- WHAT IS BEING ASKED:
Write down exactly the lines from the one below that has "Mor renkli, straplez" to the end of the data, both ends included; the pictures should not appear in your copy.

- GIVEN INFORMATION:

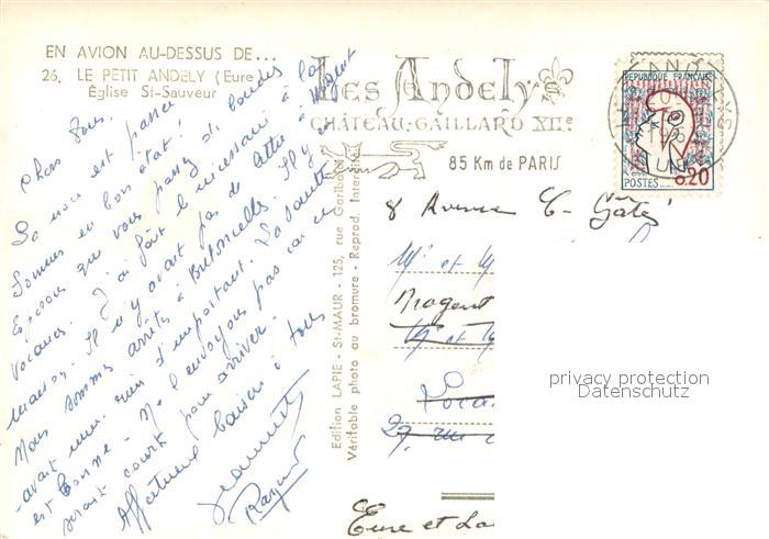 13711426 Le Petit Andely Fliegeraufnahme Eglise St. Sauveur postalisch gelaufen Erhaltung siehe scans [LiesaD40] carte postale Lies Katcode 11170027127016
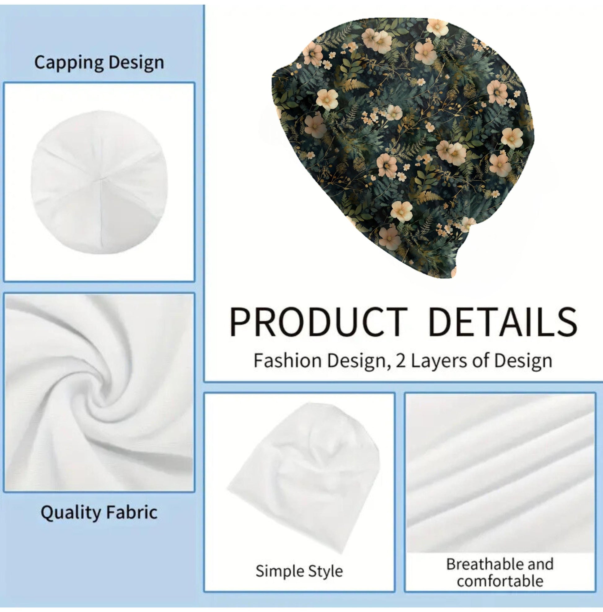 Designed for men and women, this slouchy bonnet-style beanie adds an elegant botanical accent to everyday outfits, cottagecore looks, natural earth-tone wardrobes, and artistic fashion styles.
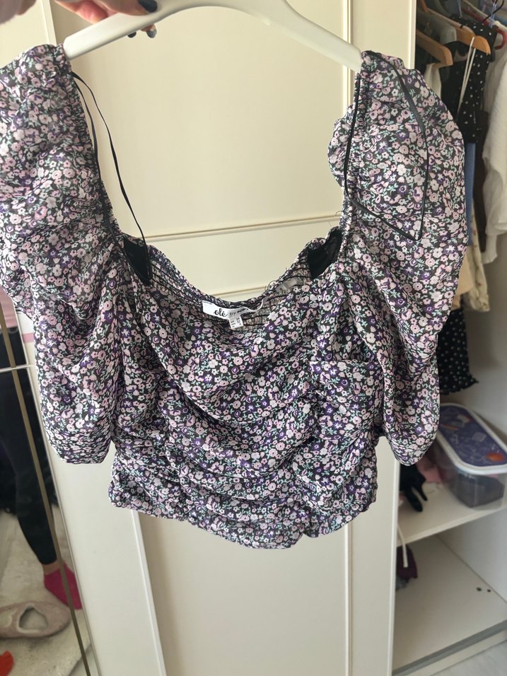 Mor renkli, straplez yaka ve askılı kısa mini bluz, drapeli
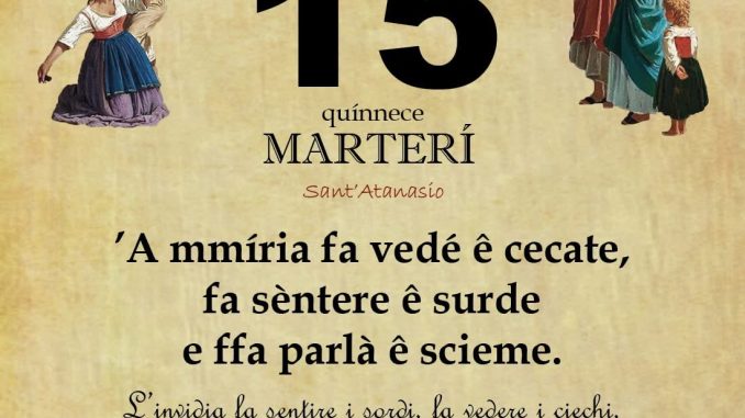 ‘O PRUVERBIO D’ ‘O JUORNO. Martedì 15 luglio 2025 15/07/2025 binews.it EVIDENZA, Il Proverbio del Giorno 0 di Gianni Polverino ’A mmíria fa vedé ê cecate, fa sèntere ê surde e ffa parlà ê scieme. L’invidia fa sentire i sordi, fa vedere i ciechi, ma soprattutto fa parlare gli stupidi.

- ANSWER SECTION:
 Mor renkli, straplez yaka ve askılı kısa mini bluz, drapeli
 ‘O PRUVERBIO D’ ‘O JUORNO. Martedì 15 luglio 2025 15/07/2025 binews.it EVIDENZA, Il Proverbio del Giorno 0 di Gianni Polverino ’A mmíria fa vedé ê cecate, fa sèntere ê surde e ffa parlà ê scieme. L’invidia fa sentire i sordi, fa vedere i ciechi, ma soprattutto fa parlare gli stupidi.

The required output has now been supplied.